The roof of a two mile stretch of tunnel over Belgium's high speed rail line has been fitted out with 16,000 solar panels to provide power for trains running through Antwerp Central Station and the surrounding railway infrastructure. Solar solution provider Enfinity says that about 4,000 trains per year - or the equivalent of a full day's worth of Belgian rail traffic - will be able to run entirely on solar power generated by the installation.
Engineers began covering the 50,000 square meter (164,000 sq ft) surface area of the roof of Belgium's HSL4 high-speed rail tunnel with monocrystalline solar panels (rated at 245 Wp per panel) in the summer of last year. The panels have been installed using a special ballast tile structure which negates the need for rooftop perforations. Enfinity says that the installation has just started generating the estimated 3.3 GWh* of electricity per year - equivalent to the average annual electricity consumption of nearly 1,000 homes.

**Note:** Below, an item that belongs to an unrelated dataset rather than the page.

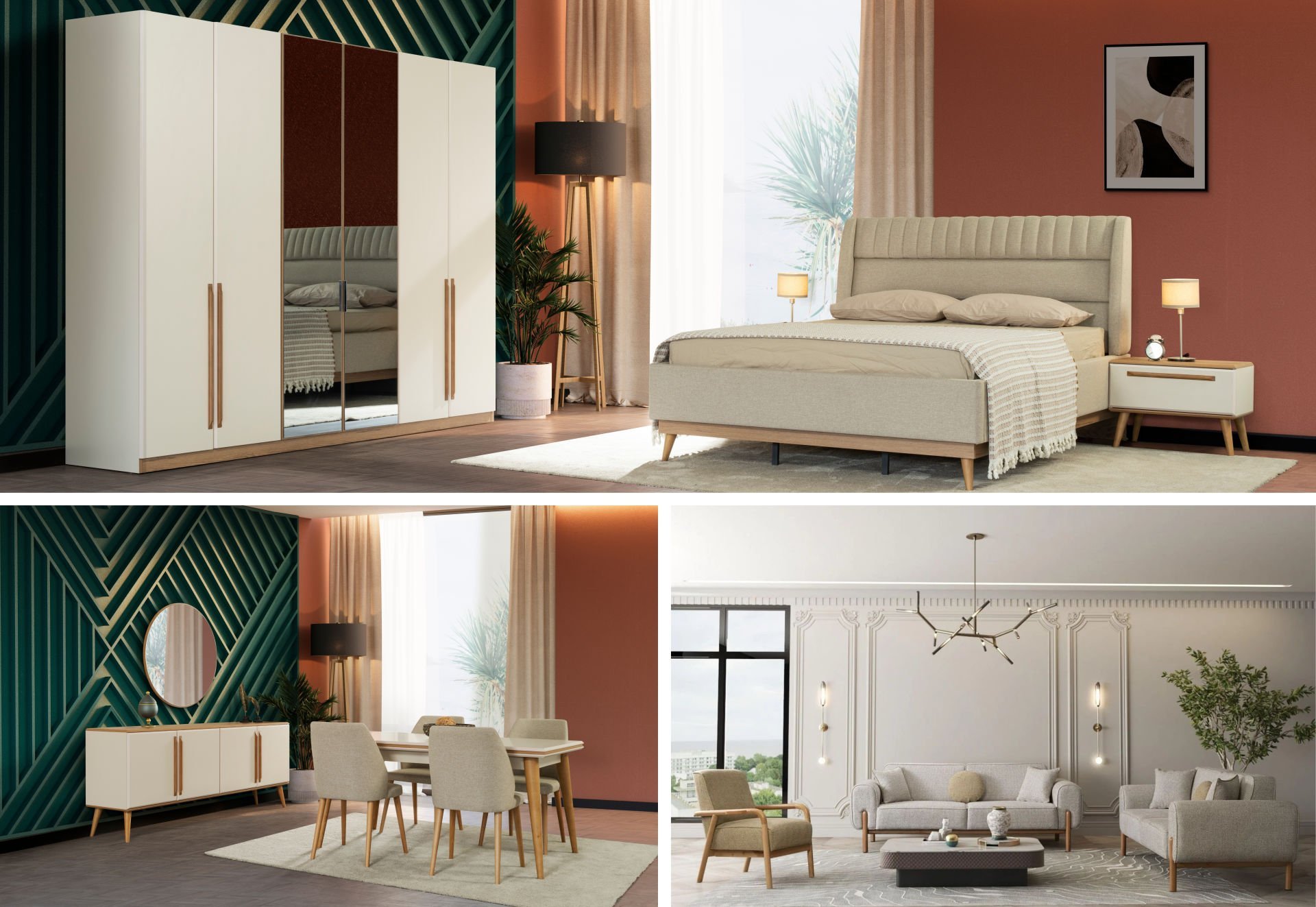 - Liza Yatak Odası, 1 Adet 6 Kapılı Dolap, 2 adet komodin, 1 adet bazasız karyola, başlık, 1 adet Şifonyer ve aynasından oluşmaktadır.

The municipalities of Brasschaat and Schoten, intermunicipal financing companies FINEA and IKA, and solar construction company Solar Power Systems joined Enfinity and Belgian rail operator Infrabel for the Solar Tunnel project, which is said to be the first time railway infrastructure has been used to generate green energy. The cost of the project was around US$20 million.

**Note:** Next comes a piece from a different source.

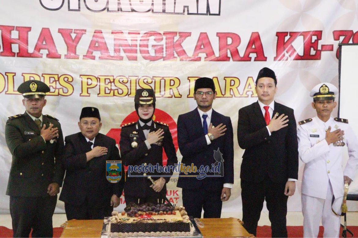 PESISIR BARAT-Wakil Bupati Pesisir Barat (Pesibar), Irawan Topani, S.H., M.Kn., menghadiri kegiatan syukuran peringatan Hari Bhayangkara ke-79, di Lobi Lantai 1 Gedung Marga Sai Batin Komplek Perkantoran Pemkab Pesibar, Selasa (1/7/2025).

The solar energy will be used in Antwerp's North-South junction to meet the electricity needs of the signaling, lighting, heating of railway stations, and also by the trains using the Belgian rail network.
In related news, the UK's Network Rail recently announced that the new Blackfriars Station, that is to span the River Thames, will have half of its electricity needs met by solar panels installed on the roof.
*Chloé Van Driessche from Enfinity's Belgian headquarters has confirmed that the amount generated annually is 3.3 GWh, not 3.3 MWh as previously stated by the company's U.S. office.